▸ **YOUR OBJECTIVE**:
From the line with "Play your favorite" to the final line of the data below, please write out every line exactly, with no pictures.

Records from a data source
BEGIN
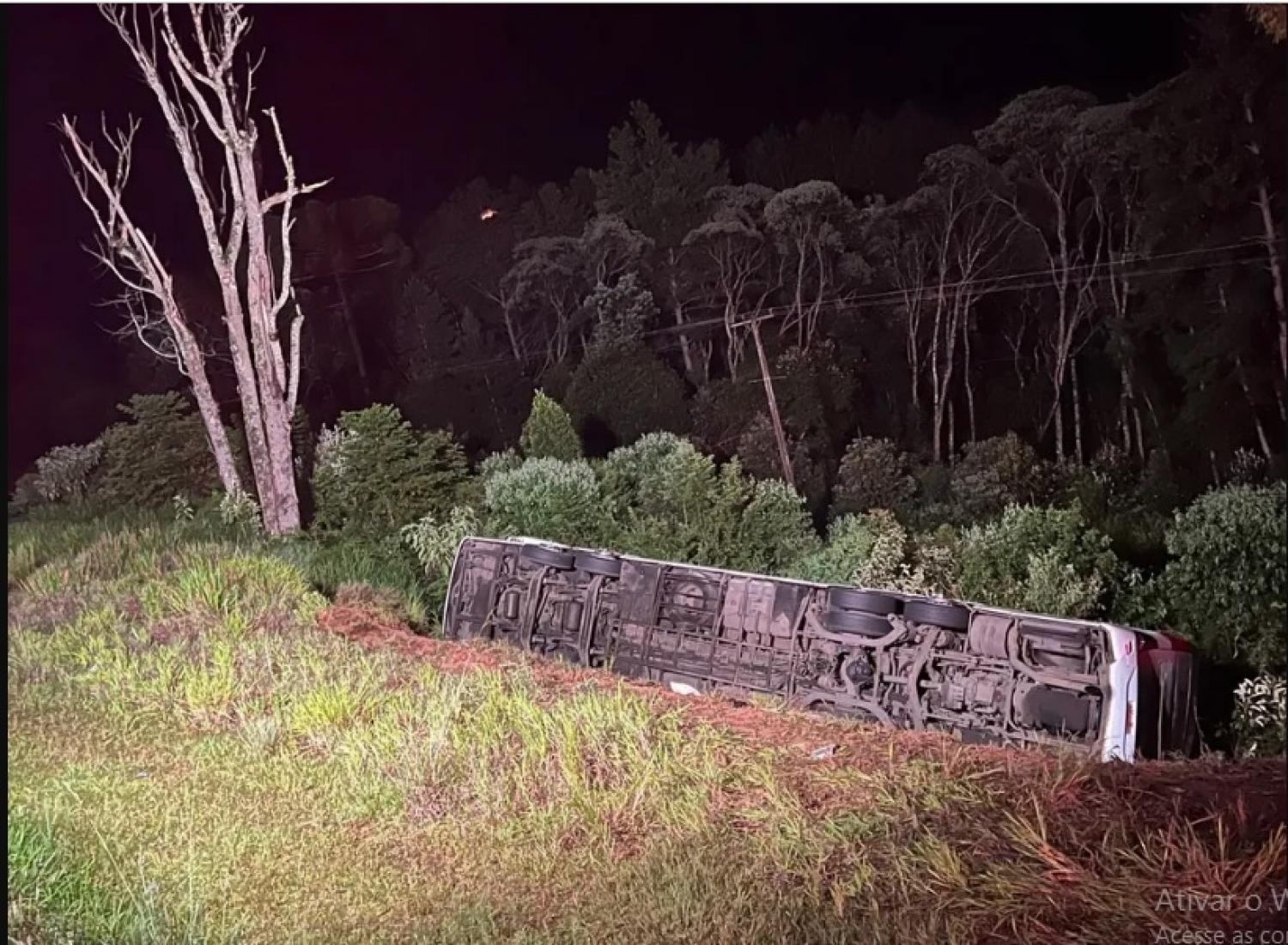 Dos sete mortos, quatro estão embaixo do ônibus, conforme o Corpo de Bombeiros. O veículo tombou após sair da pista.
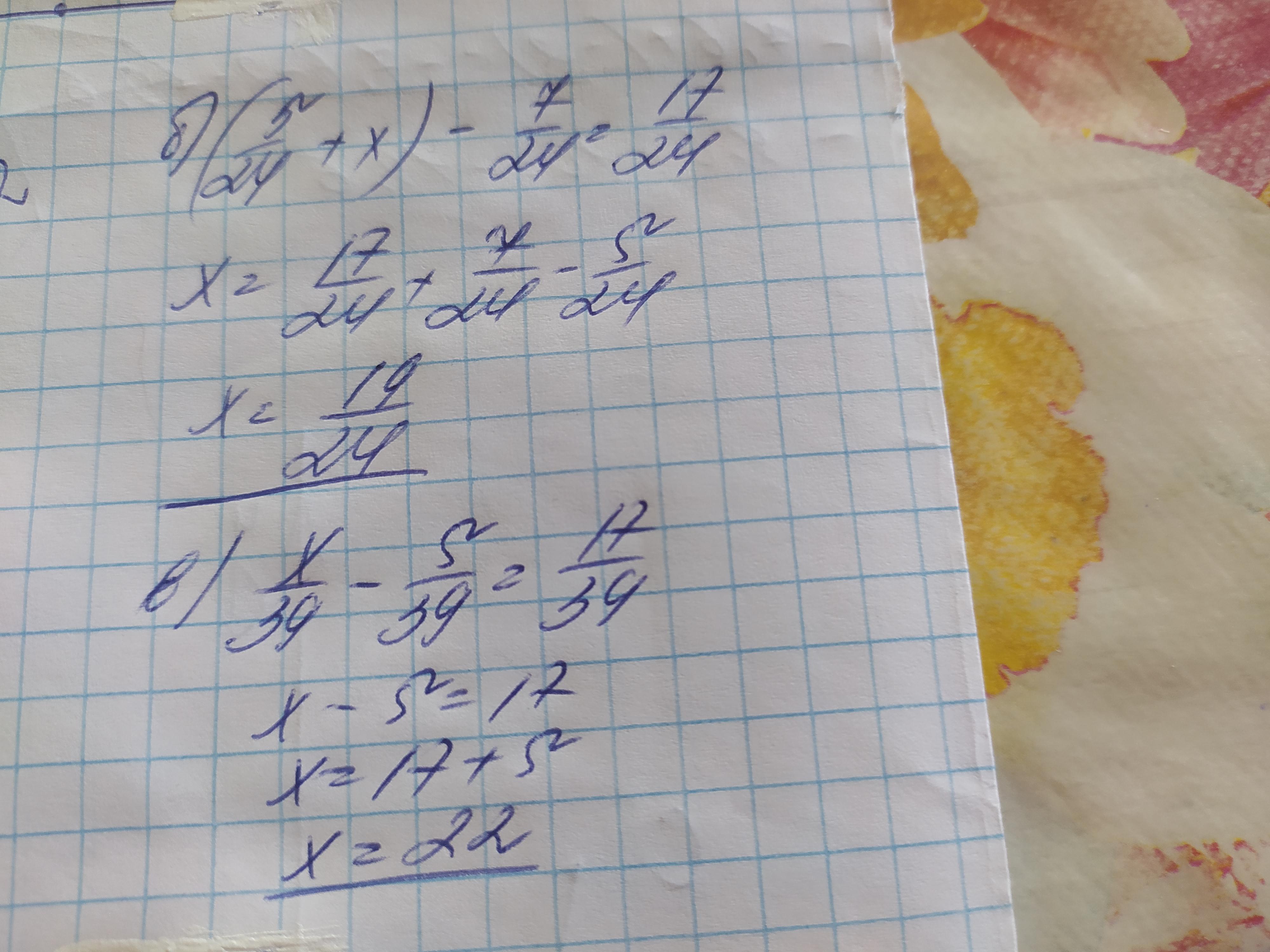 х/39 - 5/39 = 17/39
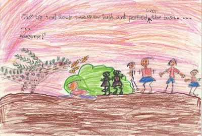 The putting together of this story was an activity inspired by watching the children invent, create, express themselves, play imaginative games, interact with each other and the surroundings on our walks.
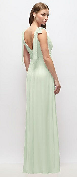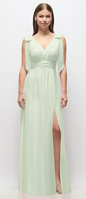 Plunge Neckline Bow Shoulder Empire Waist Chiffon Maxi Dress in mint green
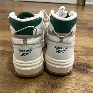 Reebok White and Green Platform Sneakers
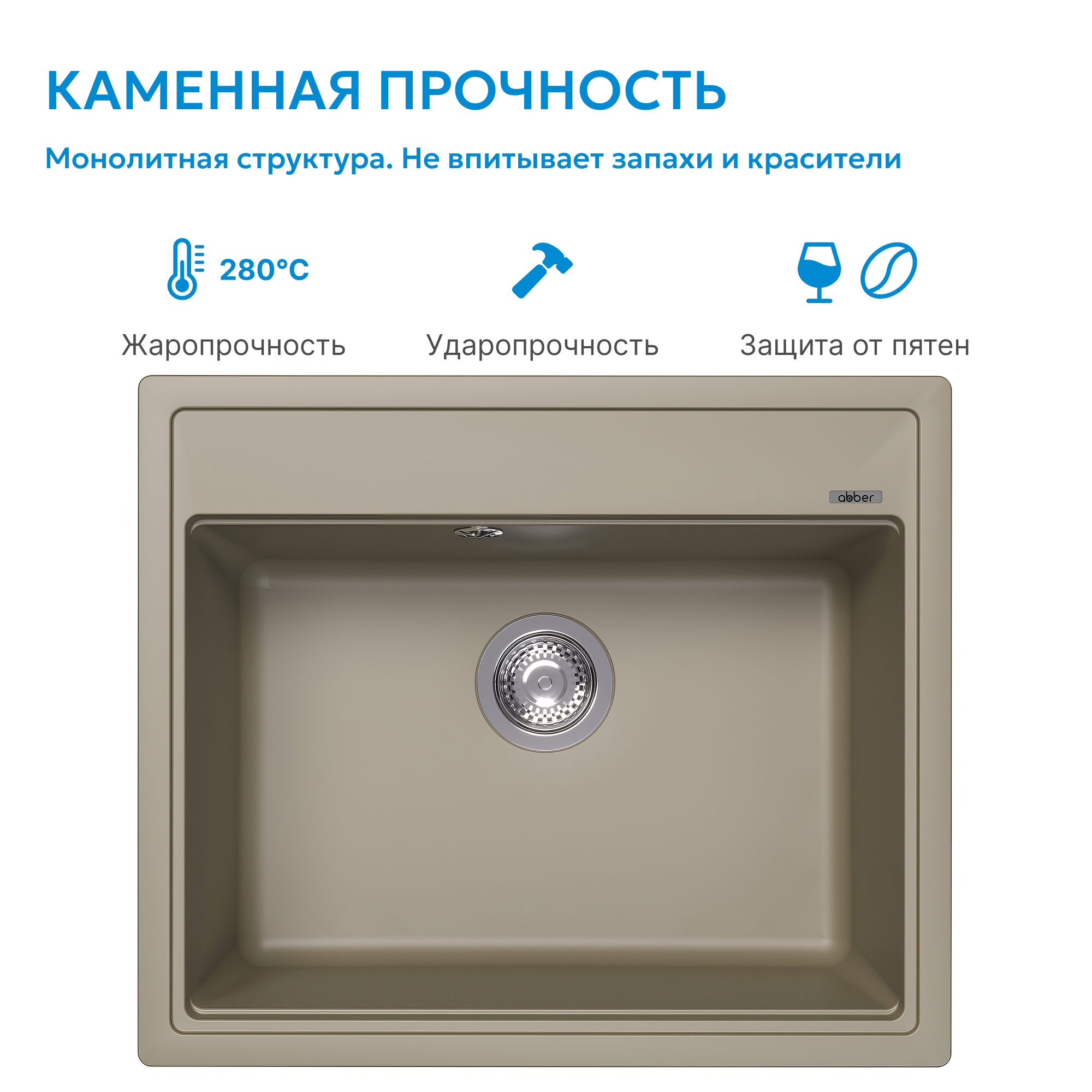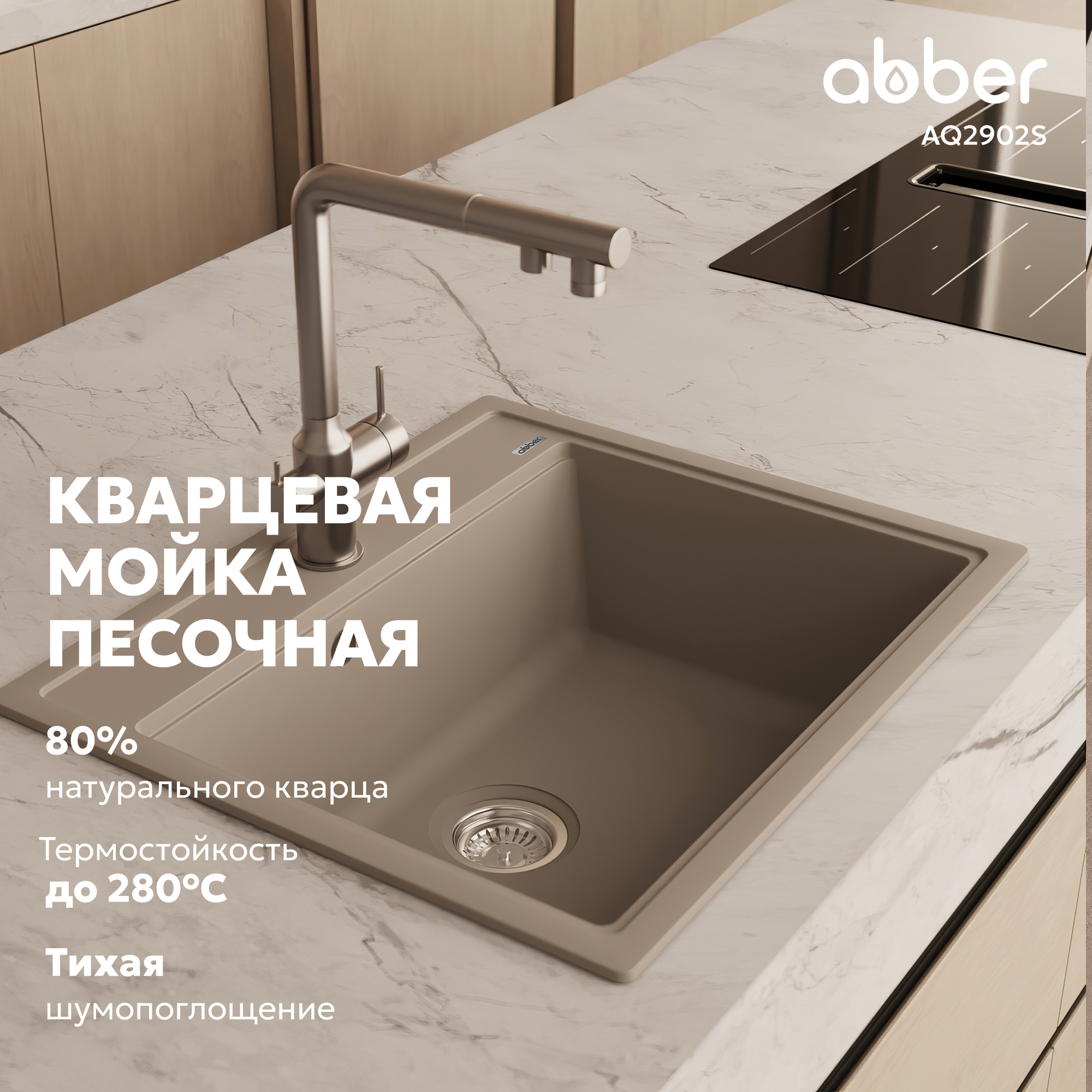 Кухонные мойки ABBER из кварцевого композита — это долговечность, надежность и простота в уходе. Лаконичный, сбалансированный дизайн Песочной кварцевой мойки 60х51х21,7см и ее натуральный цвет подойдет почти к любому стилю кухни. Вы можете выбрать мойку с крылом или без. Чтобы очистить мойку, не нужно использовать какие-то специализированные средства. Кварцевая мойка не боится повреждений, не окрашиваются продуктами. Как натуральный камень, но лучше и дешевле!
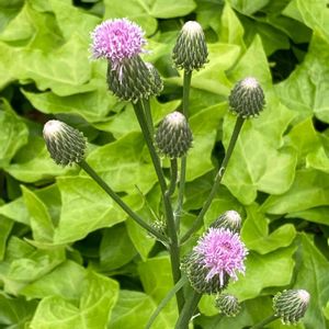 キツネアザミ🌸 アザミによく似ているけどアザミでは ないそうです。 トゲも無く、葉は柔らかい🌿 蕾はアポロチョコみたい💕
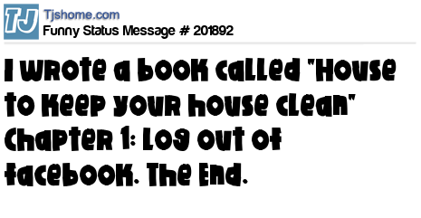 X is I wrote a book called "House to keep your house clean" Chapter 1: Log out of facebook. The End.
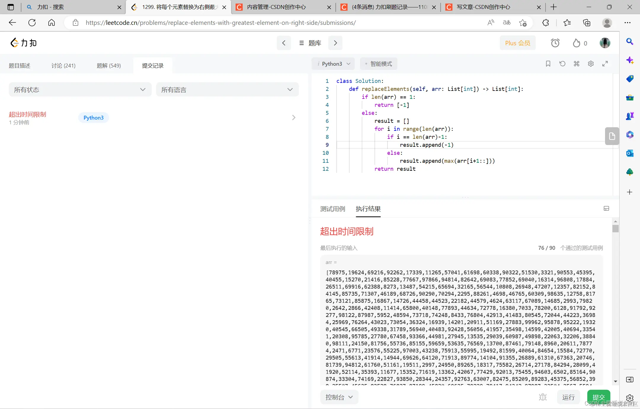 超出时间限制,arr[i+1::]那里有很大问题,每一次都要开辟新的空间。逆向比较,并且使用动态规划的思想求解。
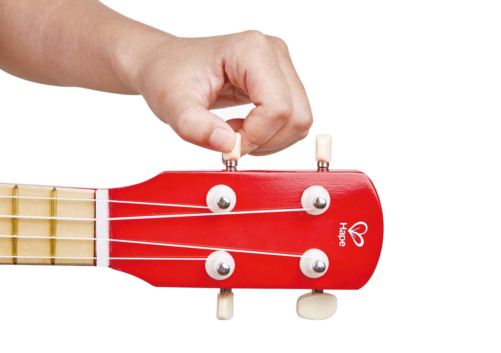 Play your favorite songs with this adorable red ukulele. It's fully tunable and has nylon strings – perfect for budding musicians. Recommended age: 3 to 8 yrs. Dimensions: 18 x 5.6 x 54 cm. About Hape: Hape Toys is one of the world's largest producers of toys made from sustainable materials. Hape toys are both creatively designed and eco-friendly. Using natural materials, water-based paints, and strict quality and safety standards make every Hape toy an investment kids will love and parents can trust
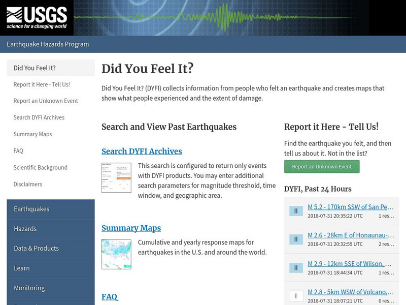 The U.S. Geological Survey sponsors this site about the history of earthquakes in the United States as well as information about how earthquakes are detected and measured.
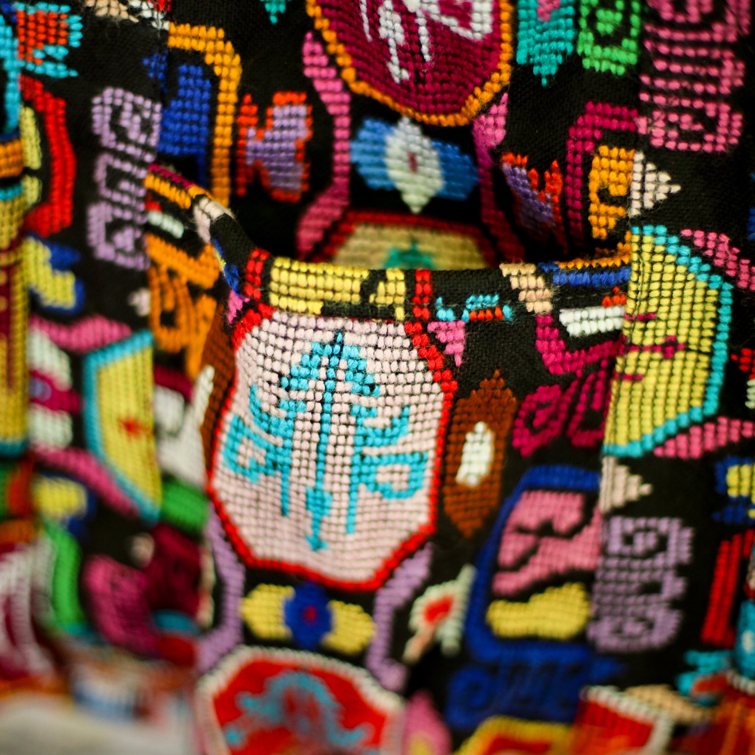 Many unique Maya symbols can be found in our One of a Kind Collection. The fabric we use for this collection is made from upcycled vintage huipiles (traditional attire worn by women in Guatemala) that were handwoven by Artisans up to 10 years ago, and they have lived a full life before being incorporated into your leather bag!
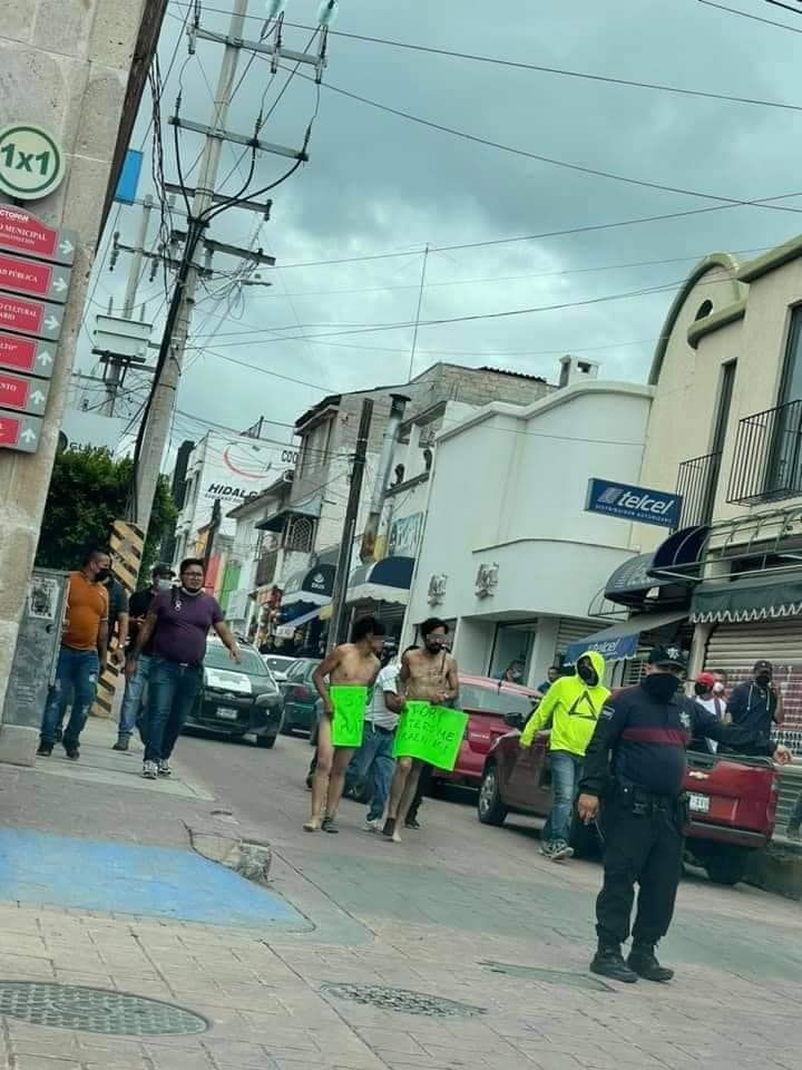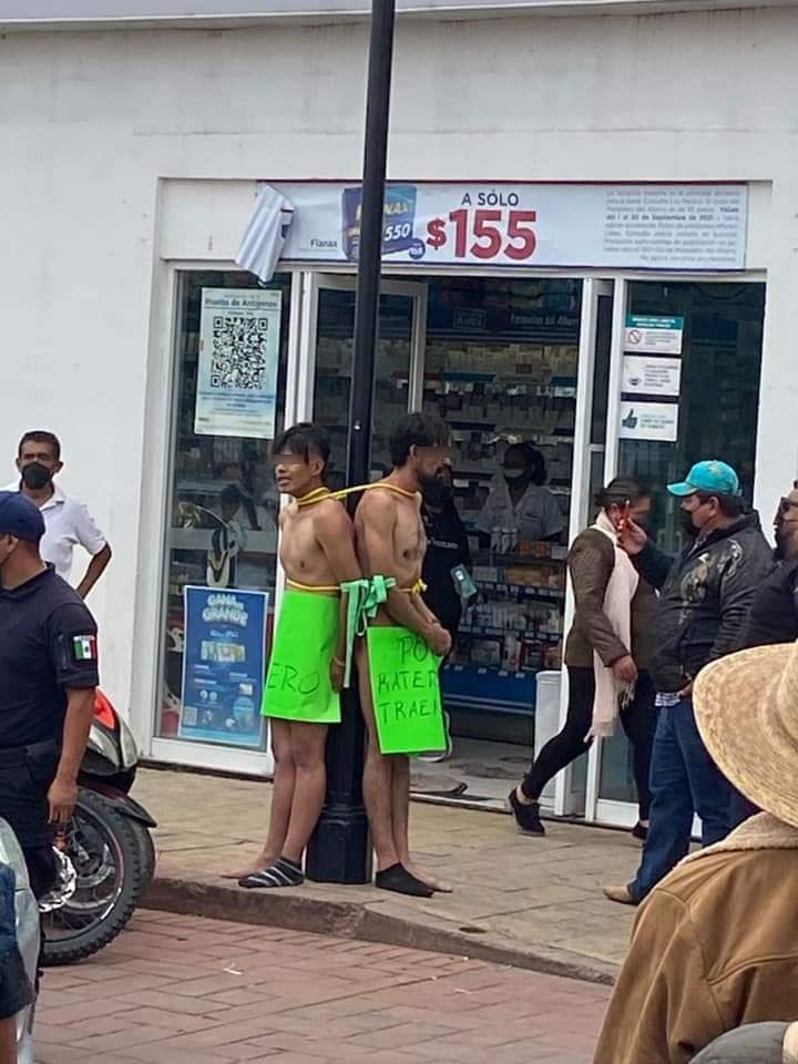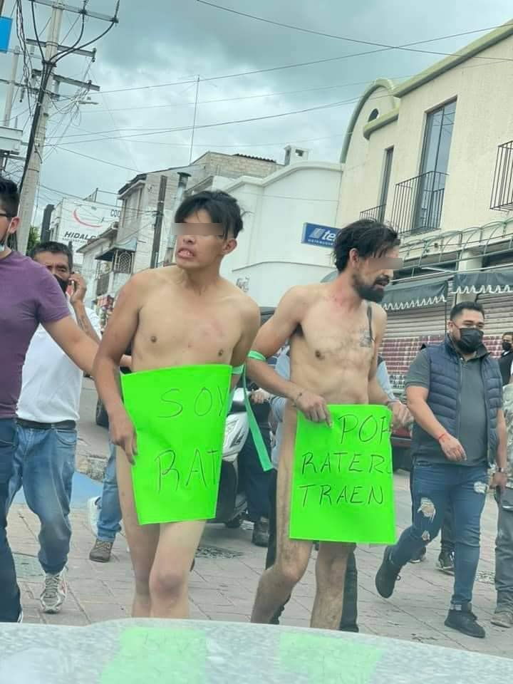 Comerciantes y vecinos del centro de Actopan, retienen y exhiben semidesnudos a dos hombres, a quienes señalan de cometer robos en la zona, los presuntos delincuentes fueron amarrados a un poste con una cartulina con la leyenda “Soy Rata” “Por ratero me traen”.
END
▸ **RESPONSE FOR THIS EXERCISE**:
 Play your favorite songs with this adorable red ukulele. It's fully tunable and has nylon strings – perfect for budding musicians. Recommended age: 3 to 8 yrs. Dimensions: 18 x 5.6 x 54 cm. About Hape: Hape Toys is one of the world's largest producers of toys made from sustainable materials. Hape toys are both creatively designed and eco-friendly. Using natural materials, water-based paints, and strict quality and safety standards make every Hape toy an investment kids will love and parents can trust
 The U.S. Geological Survey sponsors this site about the history of earthquakes in the United States as well as information about how earthquakes are detected and measured.
 Many unique Maya symbols can be found in our One of a Kind Collection. The fabric we use for this collection is made from upcycled vintage huipiles (traditional attire worn by women in Guatemala) that were handwoven by Artisans up to 10 years ago, and they have lived a full life before being incorporated into your leather bag!
 Comerciantes y vecinos del centro de Actopan, retienen y exhiben semidesnudos a dos hombres, a quienes señalan de cometer robos en la zona, los presuntos delincuentes fueron amarrados a un poste con una cartulina con la leyenda “Soy Rata” “Por ratero me traen”.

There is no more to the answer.